As a politics and U.S. regime teacher—for the last 10 years at Cardinal—Quinn is uniquely poised to push the message of voting to his students. But fifty-fifty he has plant himself in past years scrambling at the last infinitesimal to talk near the importance of registering to vote, until right before the deadline. This year is different in part because he is dissimilar.
Turnout for the May primary among voters aged 18 to 35 increased by 279 percent over the concluding DA'southward primary. And Pennsylvania leads the nation in registration amongst citizens aged 18 to 29. If in that location is a moment for Philly Youth Vote—or for Vote That Jawn—information technology is now.
Growing up in Lancaster County, Quinn says his parents voted "similar how they went to church on the holidays"—by and large during Presidential races. But they didn't talk near it much.
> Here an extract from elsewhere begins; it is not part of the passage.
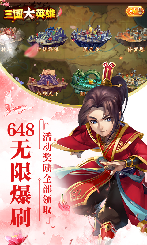 《三国大英雄》是根据三国时代的历史改编的手机横版PRG网游,《三国大英雄》以Q萌的画风用卡牌的方式诠释了三国中耳熟能详的各个名将,并且根据历史上的名将关系产生了缘分系统,有缘分的名将助阵可以获得额外的属性加成。《三国大英雄》不仅将三国的各路英雄,各大战役,著名地点都一一还原,还将加入了新的写实元素,发生更多的恩怨情仇,发生更多的庞大战役,战火将遍布三国各地! 30元连点5次648,千元无限爆刷648!

Instead, Quinn first became politicized through 80s punk rock, music that—equally he puts information technology—was not always articulate, but was always compelling.
Still, it wasn't until the ballot of President Trump in 2022 that Quinn felt fatigued to become more politically involved himself. That'due south when the Caucus of Working Educators urged its members to run for commission person, the lowest elected office in the city, to aid inform their ward'southward endorsements and advocacy efforts. Quinn ran a write-in campaign to win a spot this past May on his East Mt. Blusterous Democratic Commission, and is at present part of a group aiming to get-go a citywide education caucus of committee people.
"The teachers union is the largest union in the city, merely other unions had a much larger presence in wards," Quinn says. "Nosotros need to have a stronger voice, to abet for public education bug."
Philly Youth Vote is an extension of that aforementioned inkling, but aimed at those even more affected by public education in the urban center: The students.
"This is important especially in Philadelphia, where black and chocolate-brown students make up virtually of the District, and are poorly served by schools, funding mechanisms and infrastructures in the community," he says. "I desire students to know that all the things they care about are afflicted by the political system in their lives. And voting is a huge fashion to impact the power players, and people who are making the decisions."